Data for processing —

- - - - - - -

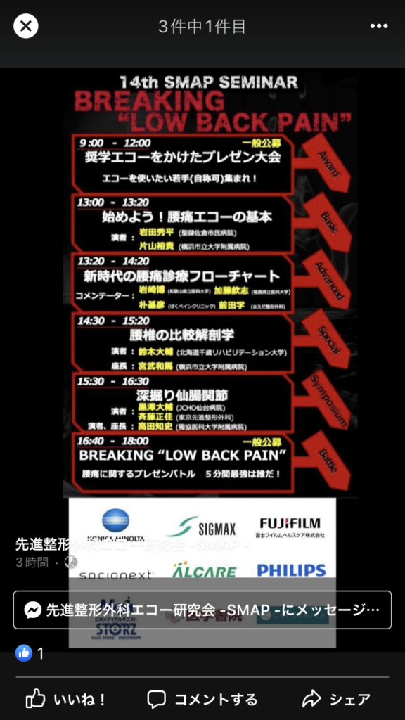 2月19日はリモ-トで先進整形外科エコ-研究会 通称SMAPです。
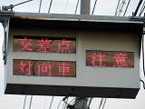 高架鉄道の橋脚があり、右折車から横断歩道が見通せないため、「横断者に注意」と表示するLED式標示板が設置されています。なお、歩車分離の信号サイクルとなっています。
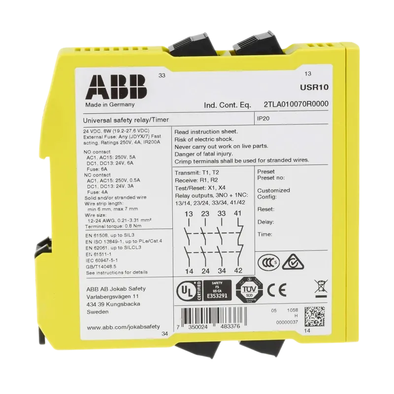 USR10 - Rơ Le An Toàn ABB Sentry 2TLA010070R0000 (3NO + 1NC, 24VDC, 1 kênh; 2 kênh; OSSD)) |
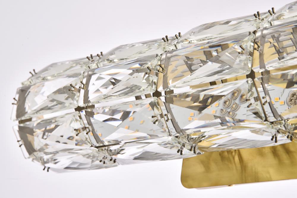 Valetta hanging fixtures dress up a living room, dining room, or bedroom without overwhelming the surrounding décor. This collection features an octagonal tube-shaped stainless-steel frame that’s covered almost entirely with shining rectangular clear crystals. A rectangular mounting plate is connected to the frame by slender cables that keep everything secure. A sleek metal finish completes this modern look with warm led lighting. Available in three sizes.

- - - - - - -

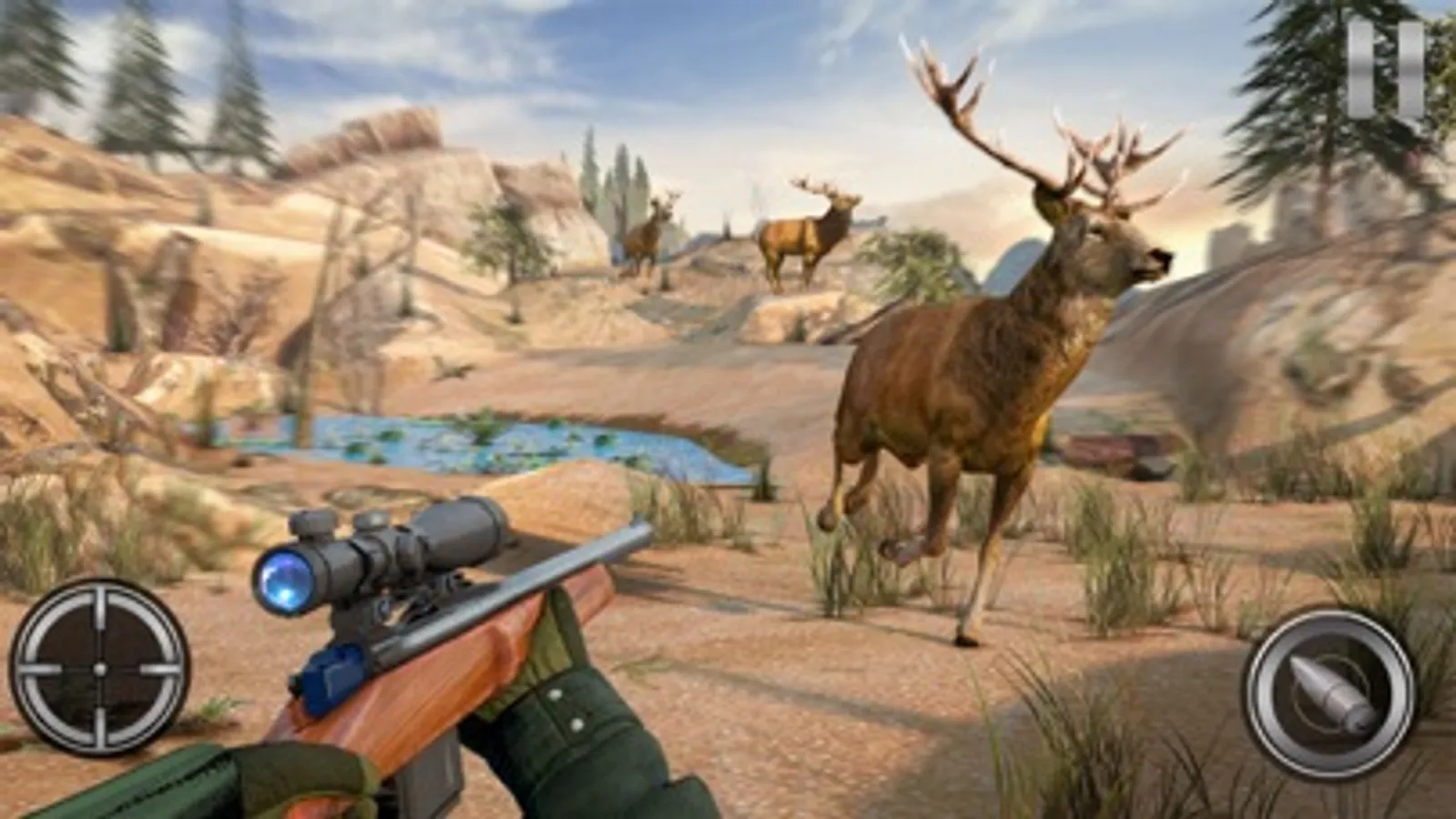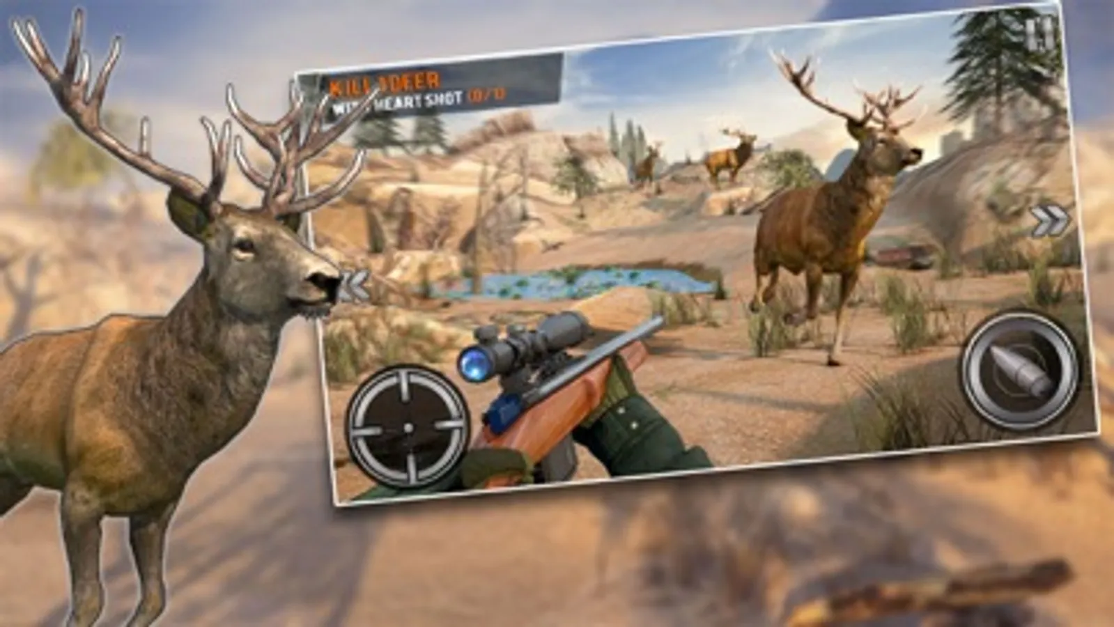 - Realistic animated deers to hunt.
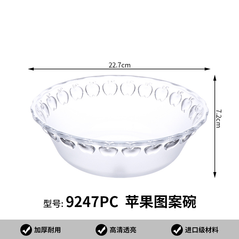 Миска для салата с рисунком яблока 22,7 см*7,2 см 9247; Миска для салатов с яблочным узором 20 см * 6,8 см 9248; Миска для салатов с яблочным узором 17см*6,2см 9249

- - - - - - -

Problem —
Would you copy, word for word, only the lines above from the one containing "2月19日はリモ-トで先進整形外科エコ-研究会 通称SMAPです。" through the one containing "Valetta hanging fixtures", both included, and please leave out the pictures?

Solution for this exercise —
 2月19日はリモ-トで先進整形外科エコ-研究会 通称SMAPです。
 高架鉄道の橋脚があり、右折車から横断歩道が見通せないため、「横断者に注意」と表示するLED式標示板が設置されています。なお、歩車分離の信号サイクルとなっています。
 USR10 - Rơ Le An Toàn ABB Sentry 2TLA010070R0000 (3NO + 1NC, 24VDC, 1 kênh; 2 kênh; OSSD)) |
 Valetta hanging fixtures dress up a living room, dining room, or bedroom without overwhelming the surrounding décor. This collection features an octagonal tube-shaped stainless-steel frame that’s covered almost entirely with shining rectangular clear crystals. A rectangular mounting plate is connected to the frame by slender cables that keep everything secure. A sleek metal finish completes this modern look with warm led lighting. Available in three sizes.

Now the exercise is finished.